# pseudonyms



## Jack of all trades (Jun 16, 2017)

Does anyone have any practical experience publishing under a pseudonym?

Thanks!


----------



## Bayview (Jul 19, 2017)

Jack of all trades said:


> Does anyone have any practical experience publishing under a pseudonym?
> 
> Thanks!



I'm a bit late to the thread, but I write under a few different pseudonyms. Do you have specific questions?


----------



## Jack of all trades (Jul 19, 2017)

Bayview said:


> I'm a bit late to the thread, but I write under a few different pseudonyms. Do you have specific questions?



I did back when I posted this. I have either found the answers or made up my own, so I don't really recall all of them.

The only one I remember now is -- what do authors using pseudonyms put for an author bio?


----------



## Bayview (Jul 19, 2017)

Jack of all trades said:


> I did back when I posted this. I have either found the answers or made up my own, so I don't really recall all of them.
> 
> The only one I remember now is -- what do authors using pseudonyms put for an author bio?



Sorry, I'm not clear whether that's one of the questions you had answered or one that's still outstanding... in case it's the latter...

I include vague details about my life. Like, the general area I was born, the general area I now live, the general field in which I work, the general shape of my home life. Then I mostly focus on writing interests for the rest of the bio.


----------



## Terry D (Jul 20, 2017)

Jack of all trades said:


> The only one I remember now is -- what do authors using pseudonyms put for an author bio?



Handle the bio information however you choose. Stephen King created an entire backstory for his alter-ego Richard Bachman. There's no harm in doing so, and definitely no 'accepted' practice. Have fun with it.


----------



## Bayview (Jul 20, 2017)

Terry D said:


> Handle the bio information however you choose. Stephen King created an entire backstory for his alter-ego Richard Bachman. There's no harm in doing so, and definitely no 'accepted' practice. Have fun with it.



I think you have to be a bit careful with this in some genres and/or with some elements of your bio. Someone claiming to be a CIA operative or a Navy Seal or whatever, especially if writing thrillers/military fic, would probably trigger feelings of betrayal in readers if the deception was discovered.
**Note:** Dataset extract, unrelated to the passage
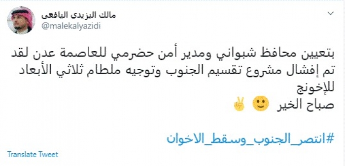 وقال في تغريدة عبر "تويتر" رصدها "المشهد العربي": "بتعيين محافظ شبواني ومدير أمن حضرمي للعاصمة عدن لقد تم إفشال مشروع تقسيم الجنوب وتوجيه ملطام ثلاثي الأبعاد للإخونج".

Similar situation to someone claiming to be a member of a minority group, especially if writing fiction for/about that group. I think this expands to anyone claiming a significant life experience that isn't their own.

If you substitute your own generic life story for a fictionally generic life story, I think it's fine. But if you try to spice things up, you could get into trouble.


----------



## Terry D (Jul 20, 2017)

If you are writing non-fiction and claim false credentials for the subject being written about, sure, that could be a problem, but if you publish a novel under a pseudonym and want to create a backstory that says you are an alien from Venus it's not going to make any difference. There's no trouble you could get into.


----------



## Bayview (Jul 20, 2017)

Terry D said:


> If you are writing non-fiction and claim false credentials for the subject being written about, sure, that could be a problem, but if you publish a novel under a pseudonym and want to create a backstory that says you are an alien from Venus it's not going to make any difference. There's no trouble you could get into.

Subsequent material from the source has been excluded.